On Tue, 12 Aug 2025 00:03:48 +0200
Simon Schippers <simon.schippers@tu-dortmund.de> wrote:

> This patch is the result of our paper with the title "The NODROP Patch:
> Hardening Secure Networking for Real-time Teleoperation by Preventing
> Packet Drops in the Linux TUN Driver" [1].
> It deals with the tun_net_xmit function which drops SKB's with the reason
> SKB_DROP_REASON_FULL_RING whenever the tx_ring (TUN queue) is full,
> resulting in reduced TCP performance and packet loss for bursty video
> streams when used over VPN's.
> 
> The abstract reads as follows:
> "Throughput-critical teleoperation requires robust and low-latency
> communication to ensure safety and performance. Often, these kinds of
> applications are implemented in Linux-based operating systems and transmit
> over virtual private networks, which ensure encryption and ease of use by
> providing a dedicated tunneling interface (TUN) to user space
> applications. In this work, we identified a specific behavior in the Linux
> TUN driver, which results in significant performance degradation due to
> the sender stack silently dropping packets. This design issue drastically
> impacts real-time video streaming, inducing up to 29 % packet loss with
> noticeable video artifacts when the internal queue of the TUN driver is
> reduced to 25 packets to minimize latency. Furthermore, a small queue
> length also drastically reduces the throughput of TCP traffic due to many
> retransmissions. Instead, with our open-source NODROP Patch, we propose
> generating backpressure in case of burst traffic or network congestion.
> The patch effectively addresses the packet-dropping behavior, hardening
> real-time video streaming and improving TCP throughput by 36 % in high
> latency scenarios."
> 
> In addition to the mentioned performance and latency improvements for VPN
> applications, this patch also allows the proper usage of qdisc's. For
> example a fq_codel can not control the queuing delay when packets are
> already dropped in the TUN driver.
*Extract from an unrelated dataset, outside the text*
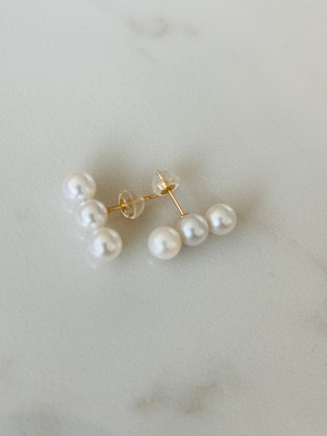 上品なホワイトピンクの真珠を使用した3連ピアスです。

This issue is also described in [2].
> 
> The performance evaluation of the paper (see Fig. 4) showed a 4%
> performance hit for a single queue TUN with the default TUN queue size of
> 500 packets. However it is important to notice that with the proposed
> patch no packet drop ever occurred even with a TUN queue size of 1 packet.
> The utilized validation pipeline is available under [3].
> 
> As the reduction of the TUN queue to a size of down to 5 packets showed no
> further performance hit in the paper, a reduction of the default TUN queue
> size might be desirable accompanying this patch. A reduction would
> obviously reduce buffer bloat and memory requirements.
> 
> Implementation details:
> - The netdev queue start/stop flow control is utilized.
> - Compatible with multi-queue by only stopping/waking the specific
> netdevice subqueue.
> - No additional locking is used.
> 
> In the tun_net_xmit function:
> - Stopping the subqueue is done when the tx_ring gets full after inserting
> the SKB into the tx_ring.
> - In the unlikely case when the insertion with ptr_ring_produce fails, the
> old dropping behavior is used for this SKB.
> 
> In the tun_ring_recv function:
> - Waking the subqueue is done after consuming a SKB from the tx_ring when
> the tx_ring is empty. Waking the subqueue when the tx_ring has any
> available space, so when it is not full, showed crashes in our testing. We
> are open to suggestions.
> - When the tx_ring is configured to be small (for example to hold 1 SKB),
> queuing might be stopped in the tun_net_xmit function while at the same
> time, ptr_ring_consume is not able to grab a SKB. This prevents
> tun_net_xmit from being called again and causes tun_ring_recv to wait
> indefinitely for a SKB in the blocking wait queue. Therefore, the netdev
> queue is woken in the wait queue if it has stopped.
> - Because the tun_struct is required to get the tx_queue into the new txq
> pointer, the tun_struct is passed in tun_do_read aswell. This is likely
> faster then trying to get it via the tun_file tfile because it utilizes a
> rcu lock.
> 
> We are open to suggestions regarding the implementation :)
> Thank you for your work!
> 
> [1] Link:
> https://cni.etit.tu-dortmund.de/storages/cni-etit/r/Research/Publications/2025/Gebauer_2025_VTCFall/Gebauer_VTCFall2025_AuthorsVersion.pdf
> [2] Link:
> https://unix.stackexchange.com/questions/762935/traffic-shaping-ineffective-on-tun-device
> [3] Link: https://github.com/tudo-cni/nodrop
> 
> Co-developed-by: Tim Gebauer <tim.gebauer@tu-dortmund.de>
> Signed-off-by: Tim Gebauer <tim.gebauer@tu-dortmund.de>
> Signed-off-by: Simon Schippers <simon.schippers@tu-dortmund.de>

I wonder if it would be possible to implement BQL in TUN/TAP?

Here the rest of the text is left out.